Monday, March 19 , 2018, 9:06 pm | Overcast 56º


Earth Day Essay: Little Things, Big Picture

Every little bit helps in the worldwide push for a green existence

These days, everyone from celebrities to soccer moms are jumping on the “green” bandwagon. With all of the recent attention and support, one might imagine that more would be accomplished toward “greenifying” our lifestyle. The reason all the new hype has been unsuccessful in generating real change is because it is too terrifying for people to give up the gluttonies and conveniences of modern life.

“I would sell my SUV if the Prius wasn’t so ugly.”

“I could buy local, but it’s too expensive.”

“I would use biodiesel, but I can’t figure out where to get it.”

These excuses and others are just some of the justifications people use for not practicing the environmental policies they preach. People ignore the serious threat that climate presents because they believe that even small solutions are just too much work with little or no effects.

Environmental advocates, who are frustrated by the stubbornness of the public toward a change in lifestyle, should repeat that old adage, “Rome wasn’t built in a day.”

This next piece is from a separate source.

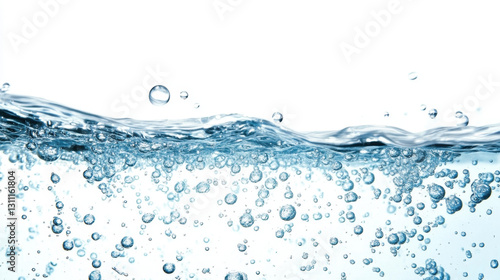 Blue water splash on white background with bubbles and waves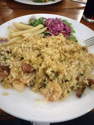 Read moreEl pescado frito no estaba gustoso, el aroma dejaba entrever que no era producto fresco lo cual debe saber el cocinero desde que lo prepara. La salonera olvidó que el cliente tiene la razón en lugar de sugerir que se debió solicitar el cambio del plato antes de comer una parte del pescado, no es una forma de reaccionar porque el cliente debe probar la calidad y sabor para luego confirmar que es algo que no quiere. Por eso se le llamo a la salonera para que retirara el platillo. Hay ausencia de preparación del personal en atención al cliente porque lo primero que debe probar al empresario es la salud de quienes llegan a consumir alimentos y no enfermarse por producto caduco. Hay un parqueo estrecho muy limitado. Es un salón amplio y varios televisores para entretenimiento. La mariscada y el arroz con camarones no se observaban apetitoso sino cocinado con aceite reciclado, mucho aroma fuerte al parecer de recalentar los alimentos previamente preparados y no recién preparado. Los precios son muy elevados en relación a la calidad y porciones de la comida y el primer salonero se equivocó en los platillos solicitados...

All the concerts and fundraisers in the world would not have any lasting effect on overconsumption of electricity, but if people begin to shut off unused lights and appliances, electrical demand would be greatly reduced. Beach cleanups are nice, but if people stop using plastic bags and products packaged in too much plastic, the effect would far outweigh any number of beautification days.

Environmental advocates as well as consumers must realize that little steps toward prevention are far more effective and lasting than trying to cure something after the fact.

In 2004, the United States was the world’s top consumer of electricity. In all, Americans use an incredible 3,920,613,000,000 kwh annually. In November 2007, energy consumption decreased 1 percent from the previous year, which is encouraging but still only a small victory in a much larger war. According to the Union of Concerned Scientists, if every American household switched just one regular incandescent light bulb with a compact fluorescent light bulb, “it would prevent 90 billion pounds of greenhouse gas emissions from power plants — the equivalent of taking 7.5 million cars off the road.”

That one small action not only would save the consumer money, but in the long run would have a large effect on overall energy consumption. According to, Americans spend an average of $1,900 annually on energy costs, and a large portion of that is spent on heating. Each degree a thermostat is lowered saves 4 percent on energy consumption. Another way to save on energy costs and consumption is to shut off the thermostat in rooms not being used. The reasons should be obvious, but people still consume huge amounts of energy on unnecessary heating and cooling costs.

Another and possibly the biggest way to have a positive impact on the environment is by refusing to use plastic bags. Annually, 500 billion to 1 trillion plastic bags are used, with the large majority of them ending up as litter. The United States alone is responsible for more than 100 billion units, which results in a $4 billion profit for the plastic industry.

The bags are not only extremely wasteful in production, but they leave a devastating effect on the ecosystems. Bags take more than 1,000 years to decompose, and they have been spotted in oceans and rivers as far north as the North Pole and as far south as Antarctica.

Ultimately, the reason we should immediately stop using those bags is the gratuitous nature of their existence. There is no reason, other than convenience, for people to use such destructive and wasteful products when suitable alternatives are available. If consumers use burlap or paper bags, they can eliminate thousands if not millions of plastic bags annually.

In one of the largest environmental projects ever, Clean Up Australia Day, an army of activists and volunteers removed a record 500,000 plastic bags from marine and land ecosystems. The number may seem impressive, but it is merely a drop in the bucket compared with worldwide consumption and the effect of measures toward prevention.

The effectiveness of government prevention programs is undeniable. In 2002, Ireland was one of the first countries in the world to introduce a tax on plastic bags, or PlasTax, which reduced consumption 90 percent. In 2007, San Francisco became the first U.S. city to ban plastic bags at checkout stands. The ban has had a huge effect, reducing the number of plastic bags used per month by 5 million.

These statistics show just how effective little programs can be at reversing the ruinous human consequences on the environment. If individuals take little steps toward energy efficiency, it could have a much larger effect than one might think.

It will not be easy to reverse the damage, or change the pitfalls of our glutinous society, but if people understand that the power is ultimately in their hands and they take actions to change their lifestyle, then we may have a much larger effect than we think.

— Keenan Orfalea is a senior at Laguna Blanca and a member of the school’s The Fourth Estate newspaper.